When the deadline gets closer, the team switches to the second gear.
It is too late to work on technical debt. It might be even time to create some technical debt. Dirty hacks appear. Cutting corners worsens the codebase, but it helps to deliver features on time. The best you can do is to make notes, create technical tickets to handle in the next iteration.
There was a project that "started after it should have been delivered". A team of developers was thrown on it in a great rush, and they had to do it as fast as possible. It was not a project for several days or weeks; it was for several months. The first results were delivered quite quickly, but then the project started to slow down. It got slower and slower, as hacks and bugs were piling up without getting proper attention. Unfortunately, due to poor management, the team couldn't dedicate time for cleaning up. In the end, the project took much longer and was much more stressful than it could have been. Luckily, it didn't lead to lay-offs or bankruptcy, but the history knows cases when companies went down because of the terrible unmaintained code.

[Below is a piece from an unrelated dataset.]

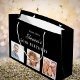 For a 50th (or any age) birthday. A classic black background. Personalise and add 3 of your own photos, a date, name and age 50. White text. The name is written with a modern hand lettered style script.

When the team knows their current gear, they can make faster and better decisions - when to research meticulously and when to cut corners.
The question is: how do you find the right moment to switch gears? Could it be that some particular project doesn't need the gear-switching at all? Could it be that the second gear is the right way from the beginning? Could it be that the project needs to focus purely on the technical side for several sprints?
The primary tool here is planning, both short-term and long-term. "Gear-switching" happens on the long-term scale as well: during a long project, the first sprints tend to under-deliver and go slower than planned in general. On the late stages of a project, when the requirements are better defined, and the code matches the business domain models, the team can develop features much faster.
Planning is like a reality check: it shows your real velocity and progress. Making a gear-switching decision without planning is like walking in the dark while blindfolded. Based on the plan and the current state, the development team can define the right moment to speed up.
By practicing planning and retrospectives, the team can learn to predict the gear-switching, making the burndown charts closer to a straight line, and thus building more trust and reliability within the company.